Chapter 27. Windows Workflow Foundation
WHAT YOU WILL LEARN IN THIS CHAPTER
What a workflow is and how to execute one
What an activity is
How to create custom activities
How to send an e-mail from an activity
Windows Workflow Foundation (WF) first appeared with .NET 3.0 and was revised with .NET 3.5 to add some extra functionality to integrate it with Windows Communication Foundation (WCF) more easily. In .NET 4, Workflow has been completely rewritten; while the core concepts are the same, the implementation is entirely different. This chapter covers Windows Workflow Foundation 4 (WF4).
A simplified definition of a workflow is "a collection of activities," but that's not an entirely satisfying definition. It might be more useful to use an analogy instead.
When you're writing a program, you use statements (such as if/else
) and call functions (Console.WriteLine
), and no doubt execute some code within a loop. You can't expect your end users to understand programming, so they tell you what they want the system to do, and you write the code to achieve those needs.

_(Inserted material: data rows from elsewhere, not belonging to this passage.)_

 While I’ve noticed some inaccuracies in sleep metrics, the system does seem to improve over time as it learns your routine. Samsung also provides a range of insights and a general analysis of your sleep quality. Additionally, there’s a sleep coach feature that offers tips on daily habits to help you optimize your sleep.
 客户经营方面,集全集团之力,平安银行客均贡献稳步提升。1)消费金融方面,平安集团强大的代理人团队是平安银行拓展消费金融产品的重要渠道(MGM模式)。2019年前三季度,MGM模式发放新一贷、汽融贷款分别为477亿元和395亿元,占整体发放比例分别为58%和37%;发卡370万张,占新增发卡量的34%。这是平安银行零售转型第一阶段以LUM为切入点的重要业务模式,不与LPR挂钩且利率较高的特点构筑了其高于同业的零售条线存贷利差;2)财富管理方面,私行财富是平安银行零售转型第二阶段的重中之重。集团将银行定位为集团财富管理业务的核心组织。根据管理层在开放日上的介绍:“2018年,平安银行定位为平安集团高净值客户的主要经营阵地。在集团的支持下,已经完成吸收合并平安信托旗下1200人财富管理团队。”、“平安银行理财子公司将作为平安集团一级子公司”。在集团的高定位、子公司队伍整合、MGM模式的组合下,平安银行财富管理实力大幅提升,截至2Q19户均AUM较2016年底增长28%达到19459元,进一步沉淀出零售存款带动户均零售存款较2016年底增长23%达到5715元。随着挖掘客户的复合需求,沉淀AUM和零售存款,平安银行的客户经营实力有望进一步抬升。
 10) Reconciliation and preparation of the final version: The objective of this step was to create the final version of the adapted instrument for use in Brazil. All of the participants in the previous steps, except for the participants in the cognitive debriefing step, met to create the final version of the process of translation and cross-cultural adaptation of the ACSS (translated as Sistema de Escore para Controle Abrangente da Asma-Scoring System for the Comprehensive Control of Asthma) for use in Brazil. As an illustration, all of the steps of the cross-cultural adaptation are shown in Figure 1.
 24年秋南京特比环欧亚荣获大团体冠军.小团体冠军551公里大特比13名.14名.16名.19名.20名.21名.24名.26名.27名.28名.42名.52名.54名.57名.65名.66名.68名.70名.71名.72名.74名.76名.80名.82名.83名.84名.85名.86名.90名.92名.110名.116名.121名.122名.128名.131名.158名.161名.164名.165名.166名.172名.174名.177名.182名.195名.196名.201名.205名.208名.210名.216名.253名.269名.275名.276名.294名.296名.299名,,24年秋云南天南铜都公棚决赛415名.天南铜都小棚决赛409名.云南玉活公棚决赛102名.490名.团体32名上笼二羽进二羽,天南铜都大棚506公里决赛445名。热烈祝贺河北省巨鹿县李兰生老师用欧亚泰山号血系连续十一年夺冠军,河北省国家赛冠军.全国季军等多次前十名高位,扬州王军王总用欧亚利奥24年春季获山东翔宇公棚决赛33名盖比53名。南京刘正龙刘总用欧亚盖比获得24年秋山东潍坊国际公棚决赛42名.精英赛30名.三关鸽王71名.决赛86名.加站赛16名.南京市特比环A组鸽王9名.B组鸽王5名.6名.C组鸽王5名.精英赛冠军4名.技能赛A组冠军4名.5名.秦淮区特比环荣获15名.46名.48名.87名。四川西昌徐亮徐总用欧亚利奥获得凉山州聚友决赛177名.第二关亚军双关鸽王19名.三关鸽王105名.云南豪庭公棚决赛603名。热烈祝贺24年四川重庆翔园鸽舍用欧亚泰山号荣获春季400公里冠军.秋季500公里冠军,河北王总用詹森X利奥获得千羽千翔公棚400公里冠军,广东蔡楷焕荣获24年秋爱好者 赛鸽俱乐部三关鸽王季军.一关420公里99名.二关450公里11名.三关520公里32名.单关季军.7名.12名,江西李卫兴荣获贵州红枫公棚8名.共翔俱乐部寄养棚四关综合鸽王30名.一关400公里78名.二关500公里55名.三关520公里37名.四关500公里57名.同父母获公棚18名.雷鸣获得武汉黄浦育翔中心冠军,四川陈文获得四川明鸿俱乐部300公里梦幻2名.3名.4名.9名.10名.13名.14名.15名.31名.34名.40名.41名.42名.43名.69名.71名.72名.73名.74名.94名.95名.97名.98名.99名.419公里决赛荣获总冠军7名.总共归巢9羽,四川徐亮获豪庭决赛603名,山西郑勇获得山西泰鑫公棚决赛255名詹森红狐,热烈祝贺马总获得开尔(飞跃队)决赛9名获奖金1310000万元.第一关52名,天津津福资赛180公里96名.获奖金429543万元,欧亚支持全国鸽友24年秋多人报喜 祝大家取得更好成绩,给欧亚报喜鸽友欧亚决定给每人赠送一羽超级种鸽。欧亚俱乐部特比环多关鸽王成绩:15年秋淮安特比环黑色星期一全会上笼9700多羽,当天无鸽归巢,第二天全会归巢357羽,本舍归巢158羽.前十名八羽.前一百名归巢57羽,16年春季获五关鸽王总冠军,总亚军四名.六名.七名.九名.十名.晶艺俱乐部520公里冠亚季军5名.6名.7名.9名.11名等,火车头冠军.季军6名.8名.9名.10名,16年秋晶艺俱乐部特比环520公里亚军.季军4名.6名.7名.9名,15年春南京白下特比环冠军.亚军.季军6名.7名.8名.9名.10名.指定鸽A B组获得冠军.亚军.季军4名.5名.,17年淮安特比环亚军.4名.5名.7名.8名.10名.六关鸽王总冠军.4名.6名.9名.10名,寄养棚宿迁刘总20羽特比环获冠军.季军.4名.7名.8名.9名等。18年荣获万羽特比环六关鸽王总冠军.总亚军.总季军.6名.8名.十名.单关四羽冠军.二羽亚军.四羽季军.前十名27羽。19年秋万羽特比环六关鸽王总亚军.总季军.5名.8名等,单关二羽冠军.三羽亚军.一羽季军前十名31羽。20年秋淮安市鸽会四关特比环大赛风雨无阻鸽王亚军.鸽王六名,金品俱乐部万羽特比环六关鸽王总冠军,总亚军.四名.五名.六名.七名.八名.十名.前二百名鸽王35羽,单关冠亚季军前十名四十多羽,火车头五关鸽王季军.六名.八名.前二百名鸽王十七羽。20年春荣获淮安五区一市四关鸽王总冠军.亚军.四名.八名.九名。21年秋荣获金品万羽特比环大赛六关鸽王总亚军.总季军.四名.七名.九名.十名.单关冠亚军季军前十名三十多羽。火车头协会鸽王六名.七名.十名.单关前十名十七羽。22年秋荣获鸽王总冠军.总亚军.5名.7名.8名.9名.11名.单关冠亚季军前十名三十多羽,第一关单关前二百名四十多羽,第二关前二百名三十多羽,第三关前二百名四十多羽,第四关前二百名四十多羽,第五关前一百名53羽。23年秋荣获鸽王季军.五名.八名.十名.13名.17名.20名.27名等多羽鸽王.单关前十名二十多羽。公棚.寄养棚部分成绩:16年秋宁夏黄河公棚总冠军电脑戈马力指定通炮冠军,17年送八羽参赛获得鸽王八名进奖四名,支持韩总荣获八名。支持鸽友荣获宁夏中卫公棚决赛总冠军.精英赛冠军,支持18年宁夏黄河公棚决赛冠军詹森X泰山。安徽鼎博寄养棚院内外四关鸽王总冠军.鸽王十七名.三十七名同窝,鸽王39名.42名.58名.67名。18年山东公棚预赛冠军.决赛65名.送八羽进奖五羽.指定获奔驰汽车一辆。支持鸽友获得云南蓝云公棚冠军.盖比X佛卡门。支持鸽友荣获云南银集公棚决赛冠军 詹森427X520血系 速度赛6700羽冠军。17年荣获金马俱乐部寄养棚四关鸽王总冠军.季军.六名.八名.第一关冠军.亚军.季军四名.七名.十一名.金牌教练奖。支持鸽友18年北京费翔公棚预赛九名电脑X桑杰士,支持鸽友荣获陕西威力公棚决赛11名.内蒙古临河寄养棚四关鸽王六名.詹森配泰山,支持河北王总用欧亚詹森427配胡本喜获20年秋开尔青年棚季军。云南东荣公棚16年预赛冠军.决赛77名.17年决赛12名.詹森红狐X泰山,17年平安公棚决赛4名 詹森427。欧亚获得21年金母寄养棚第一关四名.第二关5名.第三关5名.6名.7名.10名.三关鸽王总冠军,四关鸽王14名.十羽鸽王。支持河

Now suppose for a moment that you could provide your end users with a vastly simplified programming environment, one in which you pre-build the statements and control flow logic, and all the end users need to do is plug these parts together to get what they want. That's what Workflow 4 can be used for. The statements and control logic are all called activities, and these can be plugged together into a workflow.